« Les politiques migratoires actuelles ne sont pas rationnelles, elles sont juste électoralistes »

PAR RACHEL KNAEBEL 24 OCTOBRE « 2018 »

Le gouvernement italien multiplie les mesures xénophobes, visant les migrants et leurs soutiens. Dans les îles grecques et italiennes, les conditions de vie des personnes en exil, entassées dans des camps, sont épouvantables. La France rechigne à accueillir des migrants naufragés. La Méditerranée est-elle donc devenue une zone de non-droit ? Pourquoi l’Europe a-t-elle transformé sa frontière Sud en cimetière marin ? D’autres politiques sont-elles possibles, alors qu’il n’y a pas si longtemps, l’Europe était encore accessible sans visa ? Un groupe de chercheurs répond à ces questions dans l’ouvrage Méditerranée : des frontières à la dérive, qui vient de paraître aux éditions du Passager Clandestin. Entretien avec la géographe et sociologue Camille Schmoll.

Basta ! : La Méditerranée est devenue une « zone frontière », écrivez-vous dans l’ouvrage Méditerranée : des frontières à la dérive ? Comment et quand cela est-il arrivé ?

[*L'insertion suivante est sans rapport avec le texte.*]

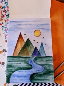 We are also learning about horizon line and perspective, as well as its relation to the mountains and a river. Birds are helping us to see a perspective – the bigger birds are, the closer they are an vice a verse.

Camille Schmoll [1]. La Méditerranée est une zone frontière depuis longtemps. C’est avec la formation d’un espace de libre circulation européen, l’espace Schengen, que la frontière extérieure de l’Union européenne s’est renforcée. Dès les années 1990, avec l’entrée progressive d’un certain nombre d’États dans Schengen, se renforcent à la fois la frontière orientale de l’Union européenne, qui va se déplacer au fur et à mesure de l’inclusion des pays d’Europe centrale et orientale, et la frontière sud, qui est la mer.

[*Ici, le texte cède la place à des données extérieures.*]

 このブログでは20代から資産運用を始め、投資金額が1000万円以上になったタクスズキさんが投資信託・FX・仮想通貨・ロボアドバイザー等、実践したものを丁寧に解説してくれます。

Concrètement, l’Union européenne a progressivement fait pression sur les États du sud de l’Europe pour qu’ils instituent d’abord des visas. Rappelons que l’Italie a institué des visas d’entrée sur son territoire pour les ressortissants des pays non européens dans les années 1980 seulement ! C’est comme cela qu’on commence à filtrer les entrées. Au cours des années 1980 et 1990, les pays d’Europe du sud deviennent tout de même des pays d’entrée, des pays d’installation où les gens vont venir avec des visas et vont souvent rester, s’installer, être régularisés par la suite. Petit à petit, l’Union européenne va freiner ces opérations de régularisation. On se dirige vers une politique, si ce n’est répressive, en tous cas dissuasive pour les migrants. Et, comme on ne peut plus entrer avec un visa, on arrive par la mer, cette politique s’accompagne d’un renforcement de la frontière maritime. La création de l’agence Frontex en 2005, chargée de renforcer la surveillance des frontières, est une étape très importante.

Cette évolution a également généré un appareil de contrôle et de militarisation des frontières...
Oui, tout un dispositif de surveillance et de contrôle. La frontière entre le Maroc et l’Espagne – le détroit de Gibraltar – va devenir le lieu d’expérimentation de ce dispositif. C’est ici qu’on ferme une première route dans les années 2000, qui revient aujourd’hui sur le devant de la scène parce que les efforts contre les arrivées s’exercent en priorité sur la route du canal de Sicile. C’est l’histoire des flux en Méditerranée : quand on ferme une route, une autre s’ouvre, ou se rouvre, et les itinéraires ne cessent ainsi de se redéployer. La fermeture de la frontière à Gibraltar a donné naissance à une des premières grandes crises humanitaires en Méditerranée, la crise des cayucos – du nom donné aux embarcations des migrants – en 2006, lorsque des milliers de personnes ont alors commencé à traverser vers les Canaries.

Vous notez aussi le rôle de la pression européenne exercée sur la Libye, les États du Maghreb, pour qu’eux aussi durcissent leur législation migratoire…

Aujourd’hui, l’Europe a déplacé la pression en amont des routes. C’est l’externalisation du contrôle. On fait pression sur ce qu’on appelle les « pays tiers », pour qu’ils exercent eux-mêmes le contrôle de nos frontières. D’ailleurs, la coopération avec la Libye, de ce point de vue, remplit ses objectifs, puisque l’on constate une chute drastique des passages cette année dans le canal de Sicile : 21 000 passages contre environ 100 000 l’année dernière [2].